[Start of section]

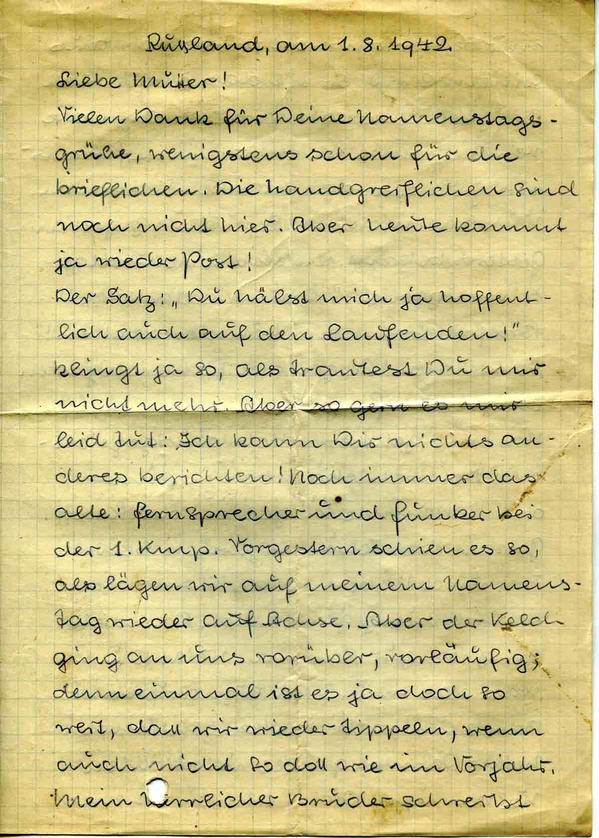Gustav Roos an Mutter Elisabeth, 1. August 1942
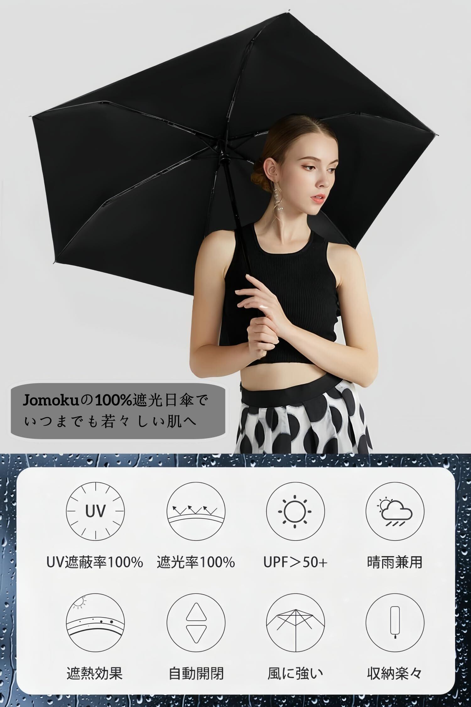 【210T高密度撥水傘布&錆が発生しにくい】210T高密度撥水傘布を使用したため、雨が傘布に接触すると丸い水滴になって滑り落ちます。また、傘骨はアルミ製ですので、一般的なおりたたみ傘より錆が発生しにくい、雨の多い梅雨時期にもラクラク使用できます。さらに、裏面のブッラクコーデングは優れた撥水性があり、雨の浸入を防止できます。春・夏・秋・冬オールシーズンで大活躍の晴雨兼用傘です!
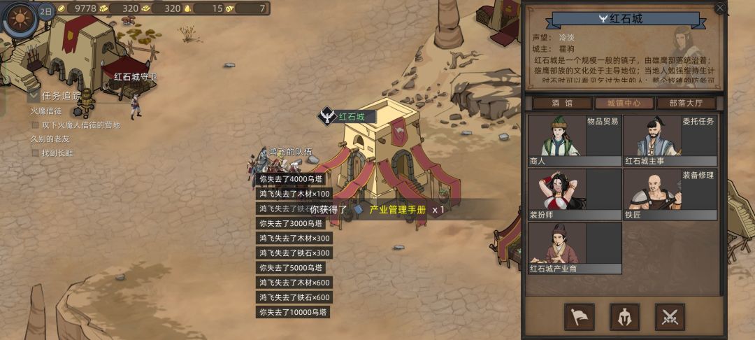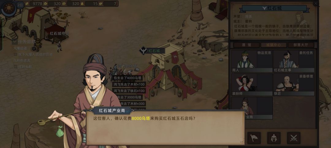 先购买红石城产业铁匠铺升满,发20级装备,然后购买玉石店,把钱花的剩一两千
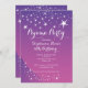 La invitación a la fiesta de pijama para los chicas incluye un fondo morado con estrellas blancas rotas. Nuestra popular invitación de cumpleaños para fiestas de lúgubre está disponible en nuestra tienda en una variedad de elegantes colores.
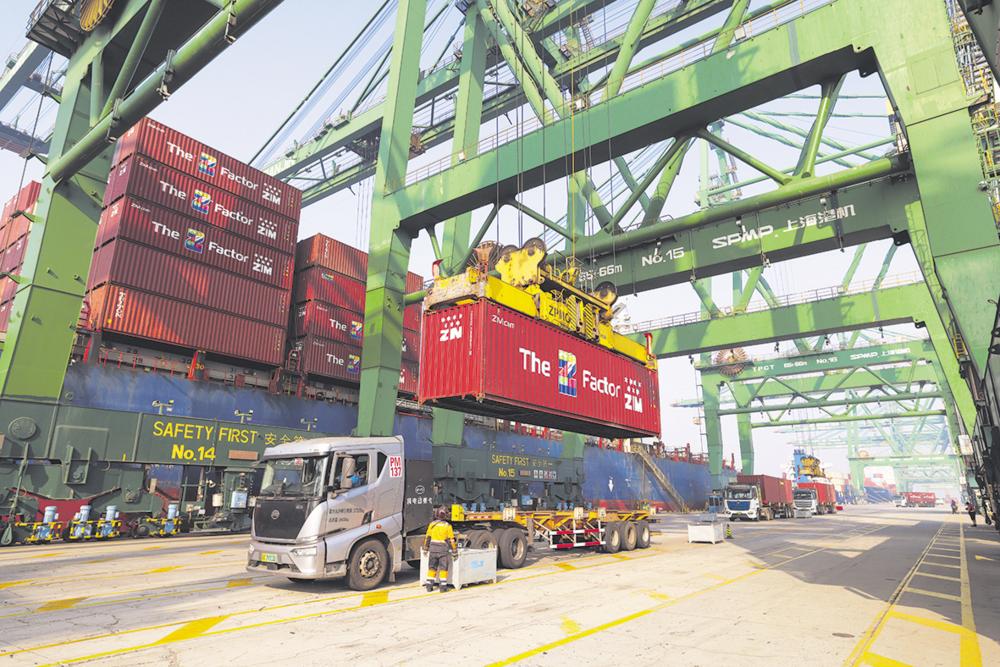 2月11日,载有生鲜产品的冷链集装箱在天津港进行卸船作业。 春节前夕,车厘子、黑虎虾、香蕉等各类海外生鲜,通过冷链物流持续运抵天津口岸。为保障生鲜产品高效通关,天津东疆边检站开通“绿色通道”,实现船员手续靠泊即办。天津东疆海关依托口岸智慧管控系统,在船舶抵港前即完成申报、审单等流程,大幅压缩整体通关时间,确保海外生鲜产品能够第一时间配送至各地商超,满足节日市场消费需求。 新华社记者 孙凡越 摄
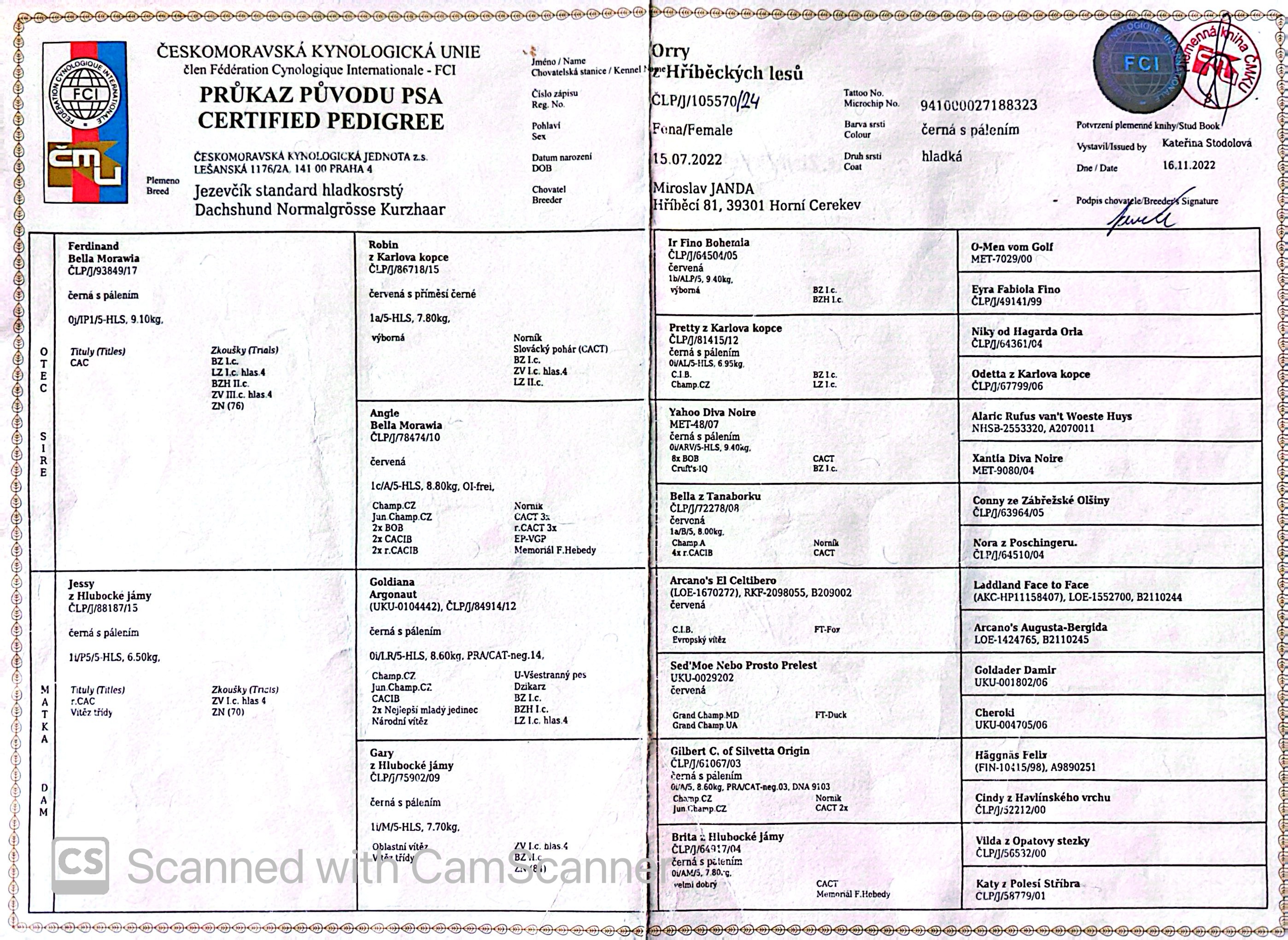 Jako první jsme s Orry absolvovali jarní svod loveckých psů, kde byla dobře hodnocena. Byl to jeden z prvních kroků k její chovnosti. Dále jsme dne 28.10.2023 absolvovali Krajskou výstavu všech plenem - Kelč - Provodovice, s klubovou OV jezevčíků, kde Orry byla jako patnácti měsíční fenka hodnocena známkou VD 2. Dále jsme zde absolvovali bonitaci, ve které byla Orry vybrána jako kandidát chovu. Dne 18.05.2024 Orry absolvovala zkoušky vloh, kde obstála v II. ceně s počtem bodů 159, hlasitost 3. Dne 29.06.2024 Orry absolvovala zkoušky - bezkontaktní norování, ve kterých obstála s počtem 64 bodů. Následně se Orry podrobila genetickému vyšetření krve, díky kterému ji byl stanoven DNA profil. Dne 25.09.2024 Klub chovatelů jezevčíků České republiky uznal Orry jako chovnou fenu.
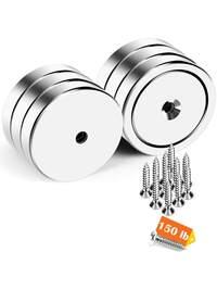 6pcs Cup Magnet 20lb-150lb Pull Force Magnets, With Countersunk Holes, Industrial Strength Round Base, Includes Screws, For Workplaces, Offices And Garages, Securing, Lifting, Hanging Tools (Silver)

[End of section]
[Start of section]

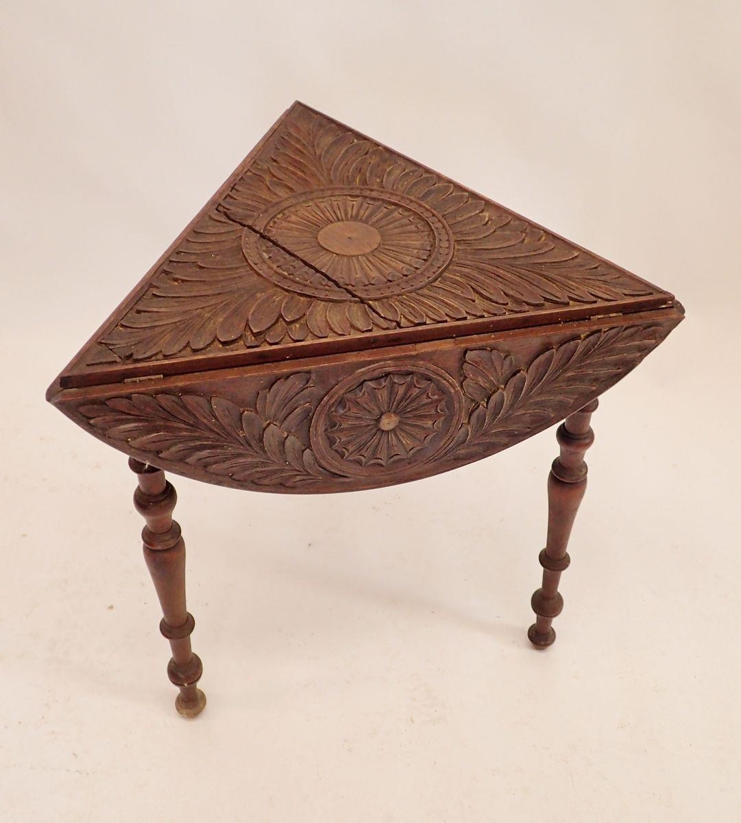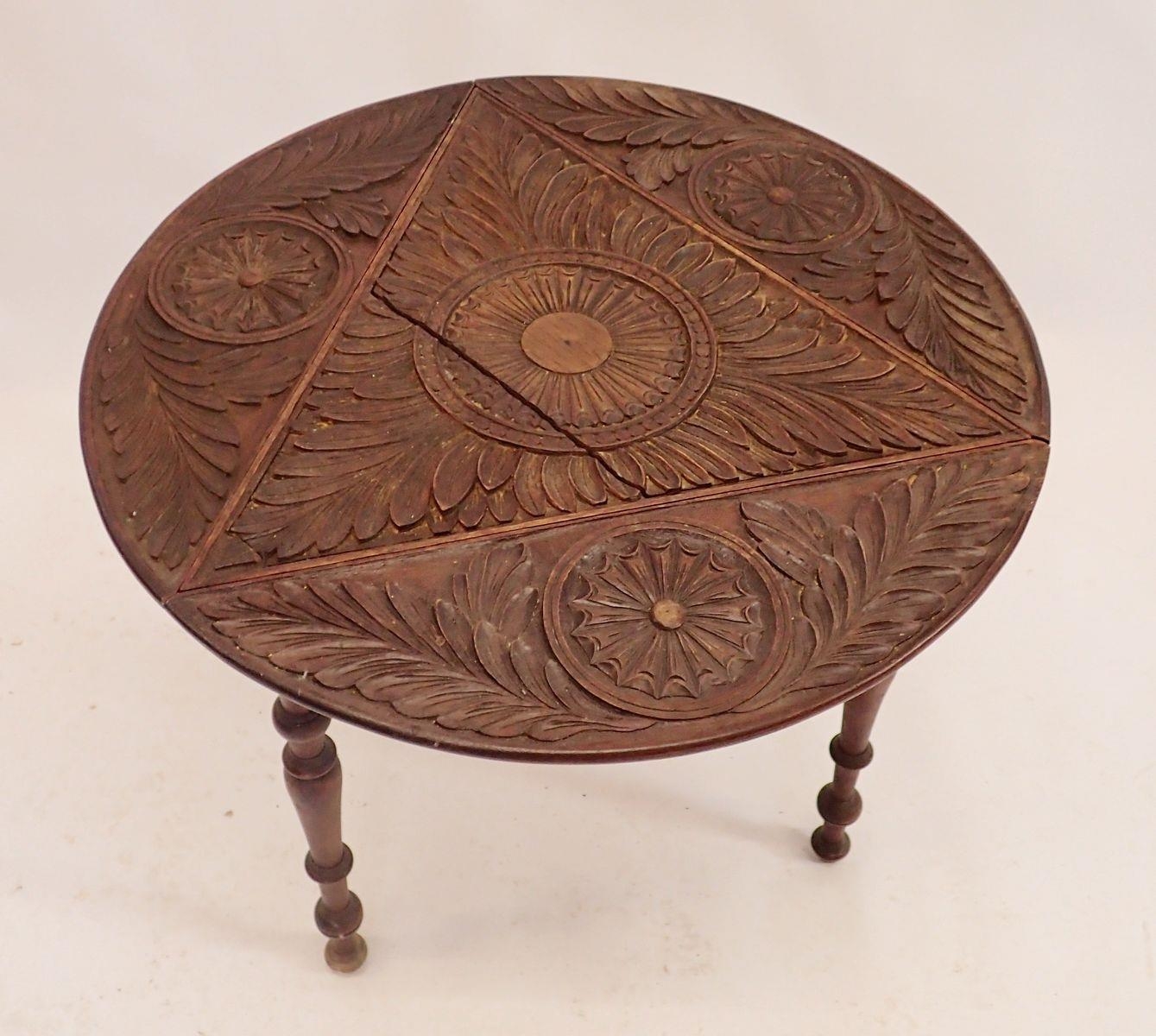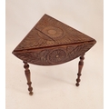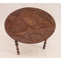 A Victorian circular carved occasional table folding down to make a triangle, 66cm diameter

[End of section]

> **What is needed**:
Please set down, exactly and with no pictures, the lines in the entries above starting at the one holding "新华社记者 孙凡越 摄" and ending at the one holding "Jako první jsme", ends included.

> **Result for this exercise**:
 2月11日,载有生鲜产品的冷链集装箱在天津港进行卸船作业。 春节前夕,车厘子、黑虎虾、香蕉等各类海外生鲜,通过冷链物流持续运抵天津口岸。为保障生鲜产品高效通关,天津东疆边检站开通“绿色通道”,实现船员手续靠泊即办。天津东疆海关依托口岸智慧管控系统,在船舶抵港前即完成申报、审单等流程,大幅压缩整体通关时间,确保海外生鲜产品能够第一时间配送至各地商超,满足节日市场消费需求。 新华社记者 孙凡越 摄
 Jako první jsme s Orry absolvovali jarní svod loveckých psů, kde byla dobře hodnocena. Byl to jeden z prvních kroků k její chovnosti. Dále jsme dne 28.10.2023 absolvovali Krajskou výstavu všech plenem - Kelč - Provodovice, s klubovou OV jezevčíků, kde Orry byla jako patnácti měsíční fenka hodnocena známkou VD 2. Dále jsme zde absolvovali bonitaci, ve které byla Orry vybrána jako kandidát chovu. Dne 18.05.2024 Orry absolvovala zkoušky vloh, kde obstála v II. ceně s počtem bodů 159, hlasitost 3. Dne 29.06.2024 Orry absolvovala zkoušky - bezkontaktní norování, ve kterých obstála s počtem 64 bodů. Následně se Orry podrobila genetickému vyšetření krve, díky kterému ji byl stanoven DNA profil. Dne 25.09.2024 Klub chovatelů jezevčíků České republiky uznal Orry jako chovnou fenu.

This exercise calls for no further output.